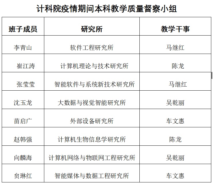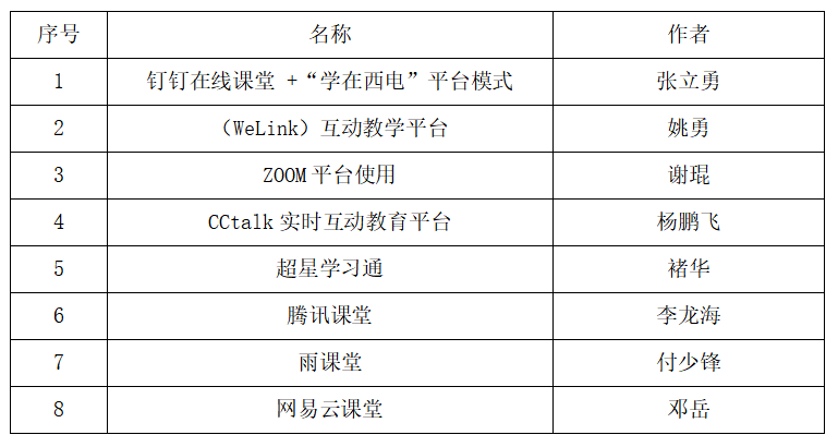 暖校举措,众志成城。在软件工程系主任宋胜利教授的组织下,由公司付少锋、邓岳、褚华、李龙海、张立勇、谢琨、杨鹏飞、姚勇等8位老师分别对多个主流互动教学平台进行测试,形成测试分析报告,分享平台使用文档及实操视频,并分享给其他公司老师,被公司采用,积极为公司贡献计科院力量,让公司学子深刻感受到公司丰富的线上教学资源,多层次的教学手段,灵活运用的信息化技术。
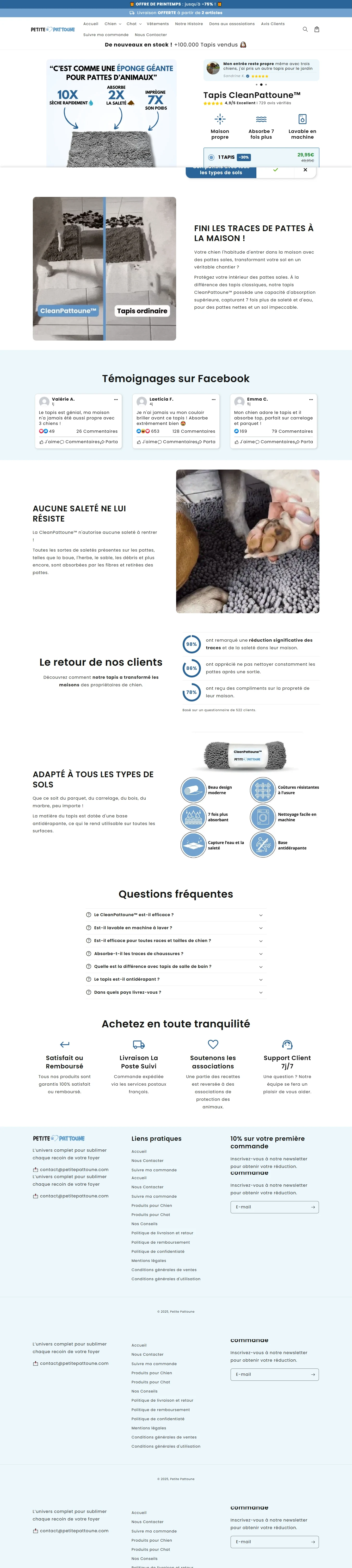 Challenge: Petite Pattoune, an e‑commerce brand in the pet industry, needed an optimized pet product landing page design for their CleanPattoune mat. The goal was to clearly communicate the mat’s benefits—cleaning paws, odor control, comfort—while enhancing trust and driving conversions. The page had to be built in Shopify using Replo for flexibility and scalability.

******

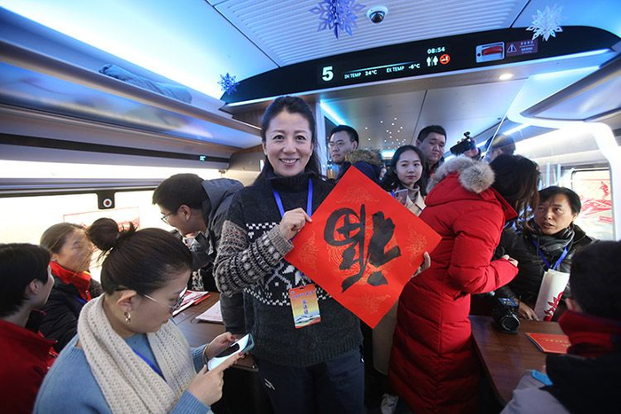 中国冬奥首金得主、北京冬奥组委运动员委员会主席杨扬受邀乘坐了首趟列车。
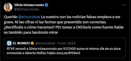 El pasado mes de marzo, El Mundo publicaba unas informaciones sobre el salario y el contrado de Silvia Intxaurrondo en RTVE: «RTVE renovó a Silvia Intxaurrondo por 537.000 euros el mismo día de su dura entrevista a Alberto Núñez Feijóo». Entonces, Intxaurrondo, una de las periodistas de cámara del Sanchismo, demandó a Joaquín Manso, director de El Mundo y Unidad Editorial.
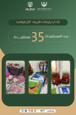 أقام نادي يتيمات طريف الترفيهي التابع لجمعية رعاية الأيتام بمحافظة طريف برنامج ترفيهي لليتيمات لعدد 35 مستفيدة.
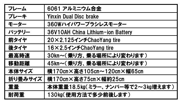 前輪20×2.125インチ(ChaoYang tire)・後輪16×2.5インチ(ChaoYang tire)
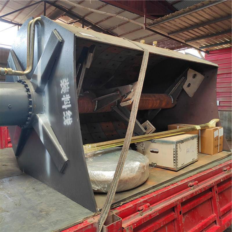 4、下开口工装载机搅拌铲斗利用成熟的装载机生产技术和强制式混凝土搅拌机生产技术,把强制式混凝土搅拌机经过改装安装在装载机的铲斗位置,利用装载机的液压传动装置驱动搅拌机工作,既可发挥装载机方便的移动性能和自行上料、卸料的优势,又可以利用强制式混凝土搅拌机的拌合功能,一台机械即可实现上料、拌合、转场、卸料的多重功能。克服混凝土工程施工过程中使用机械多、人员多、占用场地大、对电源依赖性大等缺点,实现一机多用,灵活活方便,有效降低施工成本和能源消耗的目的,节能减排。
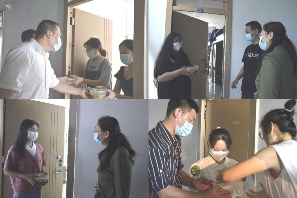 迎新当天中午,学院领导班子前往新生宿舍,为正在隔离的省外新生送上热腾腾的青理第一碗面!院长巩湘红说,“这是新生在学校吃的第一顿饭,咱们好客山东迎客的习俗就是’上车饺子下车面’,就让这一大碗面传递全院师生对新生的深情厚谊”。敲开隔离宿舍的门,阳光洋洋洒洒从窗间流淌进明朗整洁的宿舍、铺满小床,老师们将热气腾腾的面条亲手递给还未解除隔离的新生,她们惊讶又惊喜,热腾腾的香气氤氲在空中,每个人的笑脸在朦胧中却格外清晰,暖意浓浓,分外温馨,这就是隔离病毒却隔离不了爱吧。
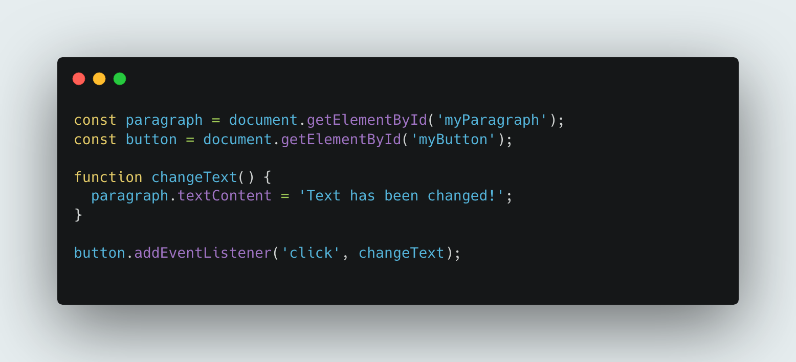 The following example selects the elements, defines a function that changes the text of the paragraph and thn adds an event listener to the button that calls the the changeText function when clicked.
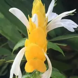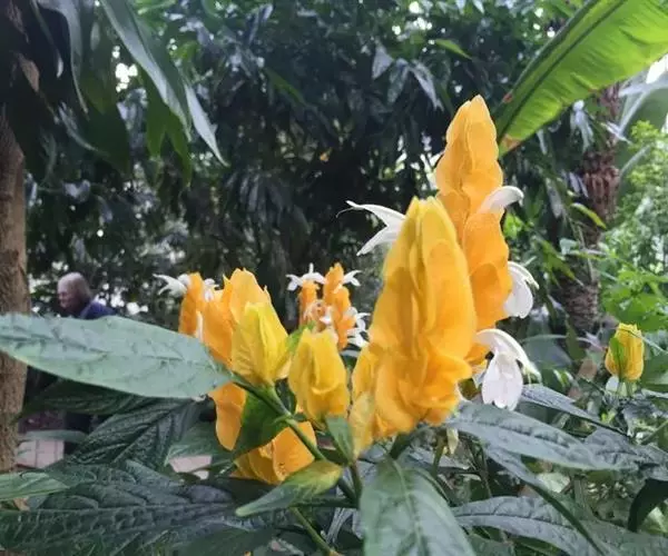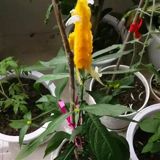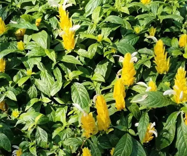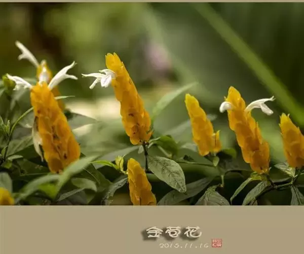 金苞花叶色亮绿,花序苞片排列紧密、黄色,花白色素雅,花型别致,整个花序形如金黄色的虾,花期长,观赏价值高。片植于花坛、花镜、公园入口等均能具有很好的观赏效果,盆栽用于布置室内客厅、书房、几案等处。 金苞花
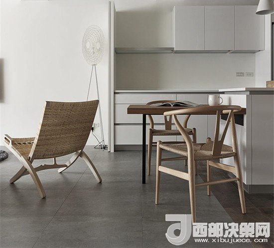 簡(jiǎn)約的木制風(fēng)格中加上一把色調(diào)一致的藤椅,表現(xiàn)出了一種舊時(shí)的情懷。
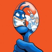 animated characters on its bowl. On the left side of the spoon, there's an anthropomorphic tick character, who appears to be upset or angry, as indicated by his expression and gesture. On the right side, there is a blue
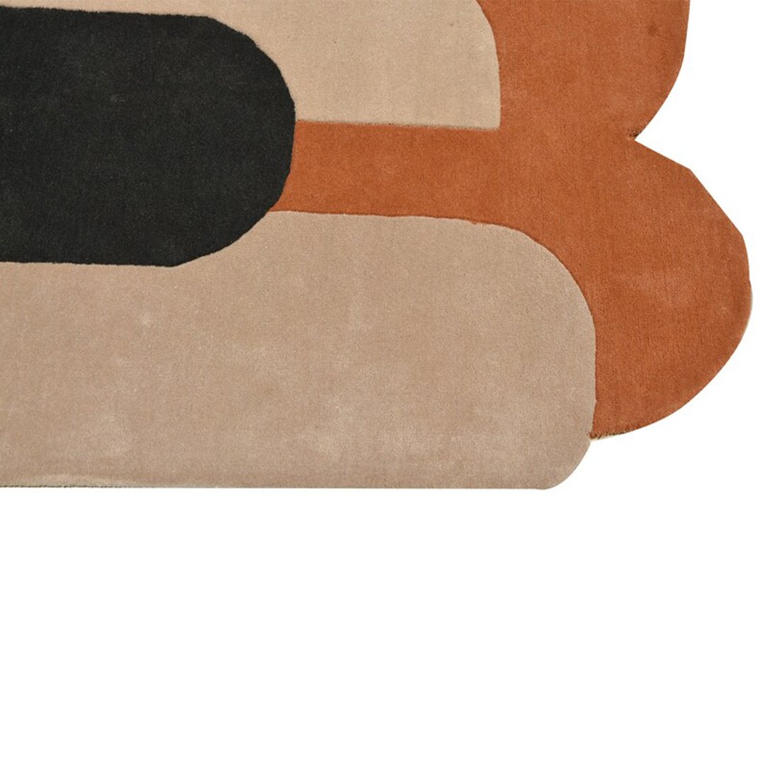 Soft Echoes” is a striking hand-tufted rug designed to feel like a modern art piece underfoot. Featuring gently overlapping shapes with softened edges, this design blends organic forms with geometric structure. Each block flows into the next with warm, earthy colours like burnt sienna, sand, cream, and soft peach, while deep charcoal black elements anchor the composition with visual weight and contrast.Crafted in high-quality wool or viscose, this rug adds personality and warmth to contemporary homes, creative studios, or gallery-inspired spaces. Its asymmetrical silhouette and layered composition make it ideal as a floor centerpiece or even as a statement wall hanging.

******

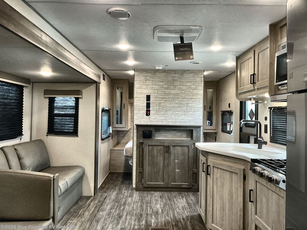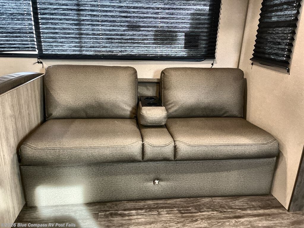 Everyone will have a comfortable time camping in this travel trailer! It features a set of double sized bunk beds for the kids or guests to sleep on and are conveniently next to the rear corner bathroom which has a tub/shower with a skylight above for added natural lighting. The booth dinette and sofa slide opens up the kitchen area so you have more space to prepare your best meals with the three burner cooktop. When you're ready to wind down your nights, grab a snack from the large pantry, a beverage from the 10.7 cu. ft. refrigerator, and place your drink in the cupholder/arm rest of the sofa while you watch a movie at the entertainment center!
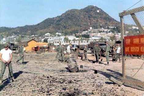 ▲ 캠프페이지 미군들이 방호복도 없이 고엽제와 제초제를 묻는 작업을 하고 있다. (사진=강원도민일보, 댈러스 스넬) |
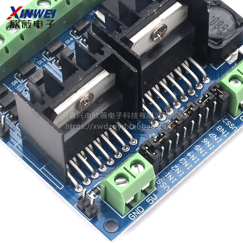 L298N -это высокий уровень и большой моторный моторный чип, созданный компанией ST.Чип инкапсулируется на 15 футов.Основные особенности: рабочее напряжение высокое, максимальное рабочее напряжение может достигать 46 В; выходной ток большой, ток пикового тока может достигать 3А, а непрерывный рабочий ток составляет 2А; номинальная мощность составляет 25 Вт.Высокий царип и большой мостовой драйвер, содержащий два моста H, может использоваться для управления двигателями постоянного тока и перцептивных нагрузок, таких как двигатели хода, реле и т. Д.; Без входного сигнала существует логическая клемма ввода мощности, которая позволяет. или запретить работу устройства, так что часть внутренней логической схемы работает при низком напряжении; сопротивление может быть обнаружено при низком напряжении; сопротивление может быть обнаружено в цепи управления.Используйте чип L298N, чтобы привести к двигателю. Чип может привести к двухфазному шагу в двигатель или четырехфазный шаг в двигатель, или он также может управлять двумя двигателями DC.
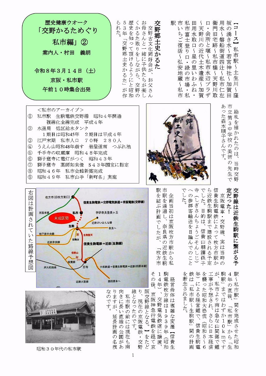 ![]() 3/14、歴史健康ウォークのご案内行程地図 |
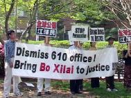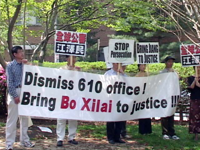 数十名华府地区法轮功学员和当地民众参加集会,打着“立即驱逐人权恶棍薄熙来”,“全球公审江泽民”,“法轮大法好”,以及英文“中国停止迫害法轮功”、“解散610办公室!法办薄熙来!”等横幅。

******

What you need to produce is an exact copy of the entries above, limited to the lines from the one with "暖校举措,众志成城。在软件工" up to and including the one with "Challenge: Petite Pattoune, an", without pictures.

Written solution.
 暖校举措,众志成城。在软件工程系主任宋胜利教授的组织下,由公司付少锋、邓岳、褚华、李龙海、张立勇、谢琨、杨鹏飞、姚勇等8位老师分别对多个主流互动教学平台进行测试,形成测试分析报告,分享平台使用文档及实操视频,并分享给其他公司老师,被公司采用,积极为公司贡献计科院力量,让公司学子深刻感受到公司丰富的线上教学资源,多层次的教学手段,灵活运用的信息化技术。
 Challenge: Petite Pattoune, an e‑commerce brand in the pet industry, needed an optimized pet product landing page design for their CleanPattoune mat. The goal was to clearly communicate the mat’s benefits—cleaning paws, odor control, comfort—while enhancing trust and driving conversions. The page had to be built in Shopify using Replo for flexibility and scalability.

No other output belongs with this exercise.